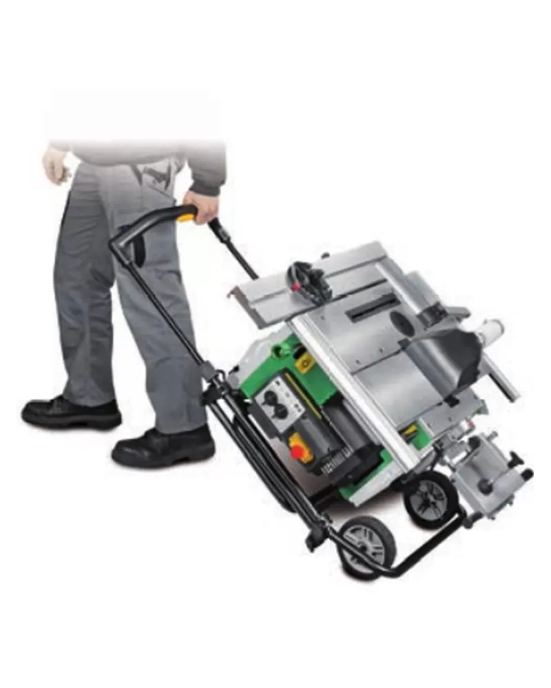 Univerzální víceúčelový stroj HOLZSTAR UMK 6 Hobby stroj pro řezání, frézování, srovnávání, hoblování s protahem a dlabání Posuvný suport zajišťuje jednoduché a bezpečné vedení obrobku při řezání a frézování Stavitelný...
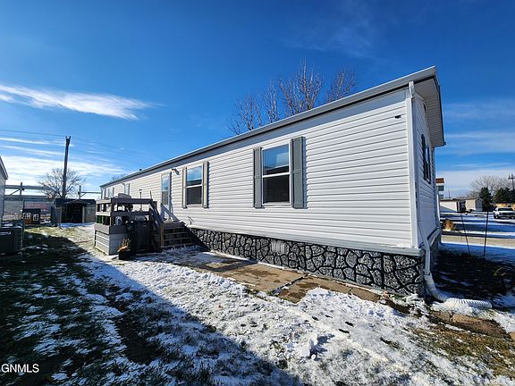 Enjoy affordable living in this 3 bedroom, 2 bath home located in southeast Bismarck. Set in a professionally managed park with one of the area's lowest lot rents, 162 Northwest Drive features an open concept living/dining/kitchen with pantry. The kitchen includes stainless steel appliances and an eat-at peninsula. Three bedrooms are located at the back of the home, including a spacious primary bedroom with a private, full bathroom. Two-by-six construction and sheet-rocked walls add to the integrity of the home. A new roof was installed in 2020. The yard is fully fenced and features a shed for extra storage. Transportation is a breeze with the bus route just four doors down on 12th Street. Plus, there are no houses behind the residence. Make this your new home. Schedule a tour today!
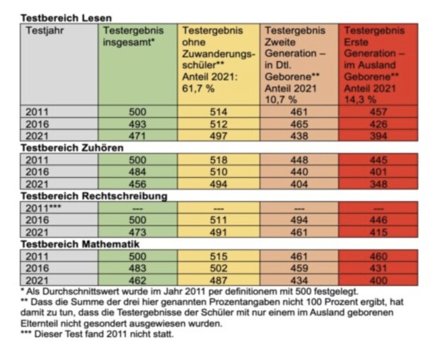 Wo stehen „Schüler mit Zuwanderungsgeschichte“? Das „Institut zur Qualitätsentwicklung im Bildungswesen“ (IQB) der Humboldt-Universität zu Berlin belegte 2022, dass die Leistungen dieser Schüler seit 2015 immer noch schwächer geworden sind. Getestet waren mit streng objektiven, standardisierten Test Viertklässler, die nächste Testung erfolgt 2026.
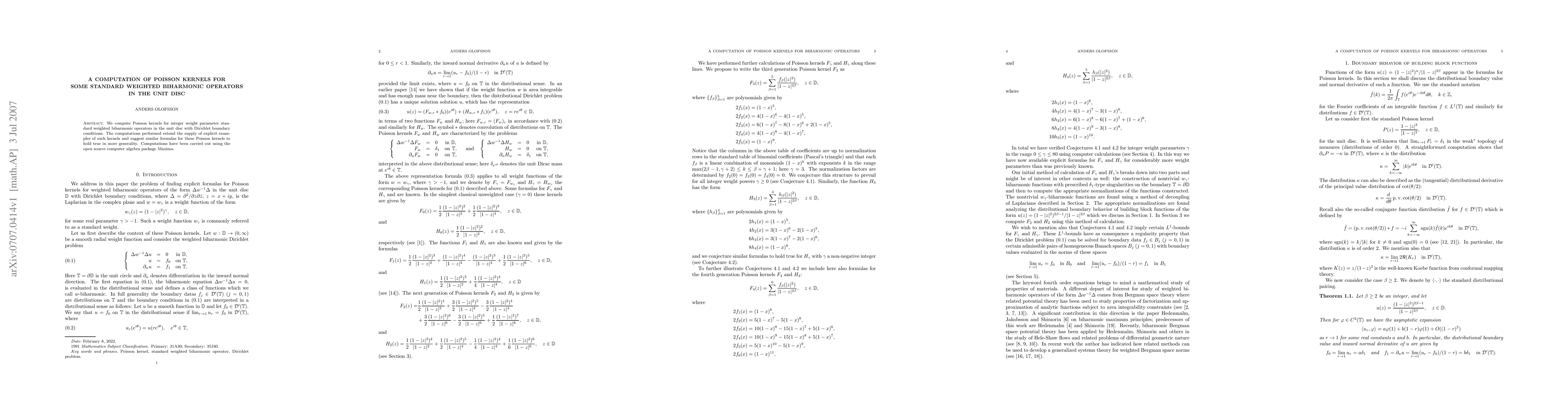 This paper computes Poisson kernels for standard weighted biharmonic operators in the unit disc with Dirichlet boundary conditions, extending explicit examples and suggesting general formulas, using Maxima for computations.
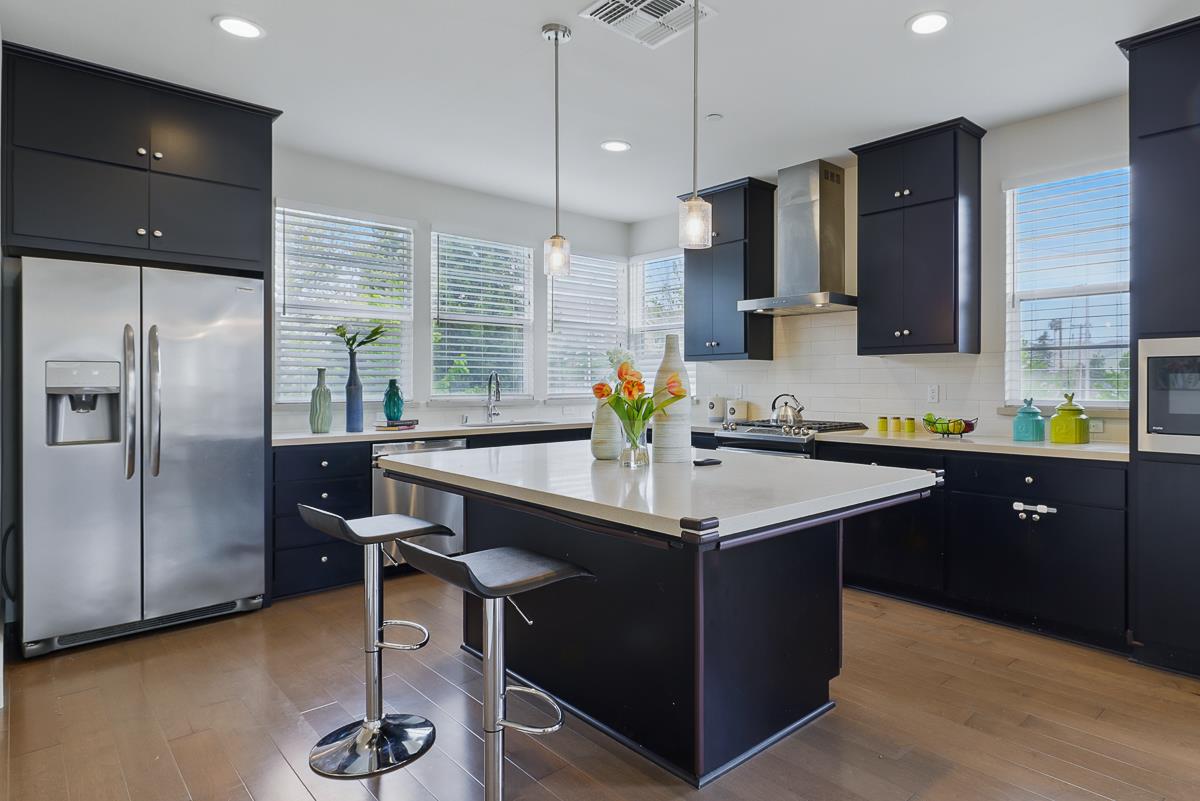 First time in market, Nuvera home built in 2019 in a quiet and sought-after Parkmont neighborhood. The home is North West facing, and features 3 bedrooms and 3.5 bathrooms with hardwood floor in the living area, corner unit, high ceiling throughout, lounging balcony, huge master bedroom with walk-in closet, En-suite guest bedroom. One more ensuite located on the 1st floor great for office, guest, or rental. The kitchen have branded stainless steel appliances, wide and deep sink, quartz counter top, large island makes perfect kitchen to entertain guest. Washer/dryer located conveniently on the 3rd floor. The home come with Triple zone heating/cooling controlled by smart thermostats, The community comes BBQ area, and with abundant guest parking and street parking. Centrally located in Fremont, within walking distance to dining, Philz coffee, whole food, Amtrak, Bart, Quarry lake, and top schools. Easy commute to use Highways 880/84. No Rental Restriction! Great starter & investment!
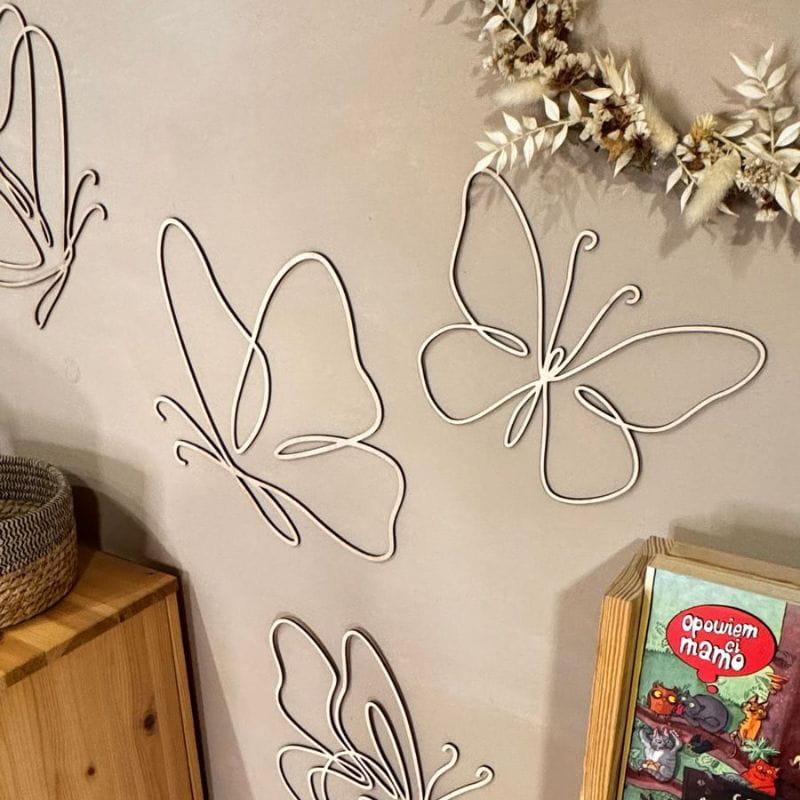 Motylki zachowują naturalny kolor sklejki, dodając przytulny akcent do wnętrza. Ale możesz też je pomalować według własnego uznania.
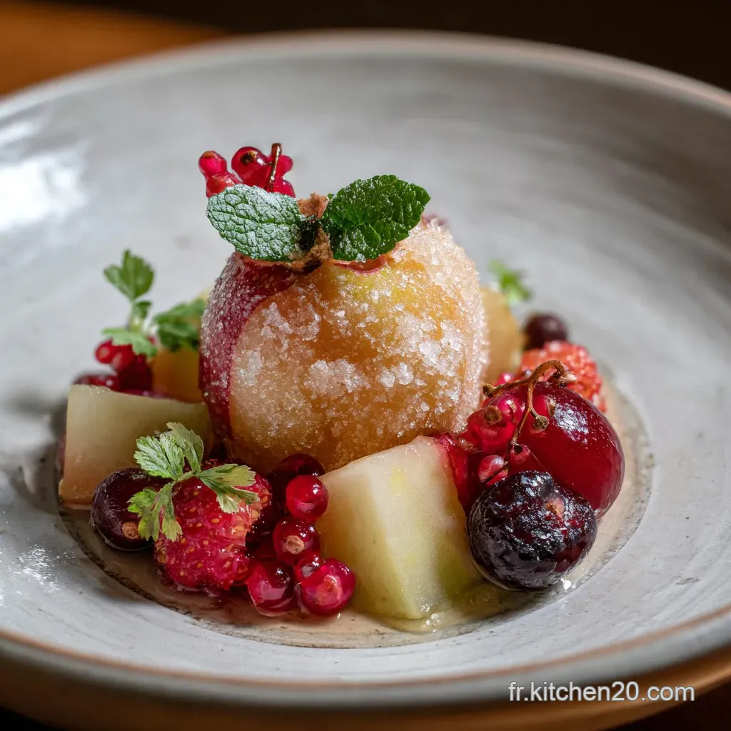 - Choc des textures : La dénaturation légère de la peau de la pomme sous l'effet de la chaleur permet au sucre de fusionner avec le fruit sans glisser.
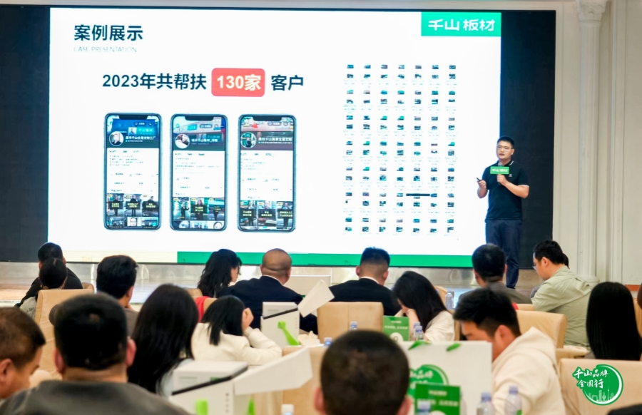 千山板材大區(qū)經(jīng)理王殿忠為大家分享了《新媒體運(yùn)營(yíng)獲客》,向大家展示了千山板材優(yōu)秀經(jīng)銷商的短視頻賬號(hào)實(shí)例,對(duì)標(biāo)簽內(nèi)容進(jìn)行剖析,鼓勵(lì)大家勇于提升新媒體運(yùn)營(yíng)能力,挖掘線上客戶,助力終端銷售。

·····

Your task: Please retype all of the material exactly, skipping whatever images it holds.

Response for this exercise:
 Univerzální víceúčelový stroj HOLZSTAR UMK 6 Hobby stroj pro řezání, frézování, srovnávání, hoblování s protahem a dlabání Posuvný suport zajišťuje jednoduché a bezpečné vedení obrobku při řezání a frézování Stavitelný...
 Enjoy affordable living in this 3 bedroom, 2 bath home located in southeast Bismarck. Set in a professionally managed park with one of the area's lowest lot rents, 162 Northwest Drive features an open concept living/dining/kitchen with pantry. The kitchen includes stainless steel appliances and an eat-at peninsula. Three bedrooms are located at the back of the home, including a spacious primary bedroom with a private, full bathroom. Two-by-six construction and sheet-rocked walls add to the integrity of the home. A new roof was installed in 2020. The yard is fully fenced and features a shed for extra storage. Transportation is a breeze with the bus route just four doors down on 12th Street. Plus, there are no houses behind the residence. Make this your new home. Schedule a tour today!
 Wo stehen „Schüler mit Zuwanderungsgeschichte“? Das „Institut zur Qualitätsentwicklung im Bildungswesen“ (IQB) der Humboldt-Universität zu Berlin belegte 2022, dass die Leistungen dieser Schüler seit 2015 immer noch schwächer geworden sind. Getestet waren mit streng objektiven, standardisierten Test Viertklässler, die nächste Testung erfolgt 2026.
 This paper computes Poisson kernels for standard weighted biharmonic operators in the unit disc with Dirichlet boundary conditions, extending explicit examples and suggesting general formulas, using Maxima for computations.
 First time in market, Nuvera home built in 2019 in a quiet and sought-after Parkmont neighborhood. The home is North West facing, and features 3 bedrooms and 3.5 bathrooms with hardwood floor in the living area, corner unit, high ceiling throughout, lounging balcony, huge master bedroom with walk-in closet, En-suite guest bedroom. One more ensuite located on the 1st floor great for office, guest, or rental. The kitchen have branded stainless steel appliances, wide and deep sink, quartz counter top, large island makes perfect kitchen to entertain guest. Washer/dryer located conveniently on the 3rd floor. The home come with Triple zone heating/cooling controlled by smart thermostats, The community comes BBQ area, and with abundant guest parking and street parking. Centrally located in Fremont, within walking distance to dining, Philz coffee, whole food, Amtrak, Bart, Quarry lake, and top schools. Easy commute to use Highways 880/84. No Rental Restriction! Great starter & investment!
 Motylki zachowują naturalny kolor sklejki, dodając przytulny akcent do wnętrza. Ale możesz też je pomalować według własnego uznania.
 - Choc des textures : La dénaturation légère de la peau de la pomme sous l'effet de la chaleur permet au sucre de fusionner avec le fruit sans glisser.
 千山板材大區(qū)經(jīng)理王殿忠為大家分享了《新媒體運(yùn)營(yíng)獲客》,向大家展示了千山板材優(yōu)秀經(jīng)銷商的短視頻賬號(hào)實(shí)例,對(duì)標(biāo)簽內(nèi)容進(jìn)行剖析,鼓勵(lì)大家勇于提升新媒體運(yùn)營(yíng)能力,挖掘線上客戶,助力終端銷售。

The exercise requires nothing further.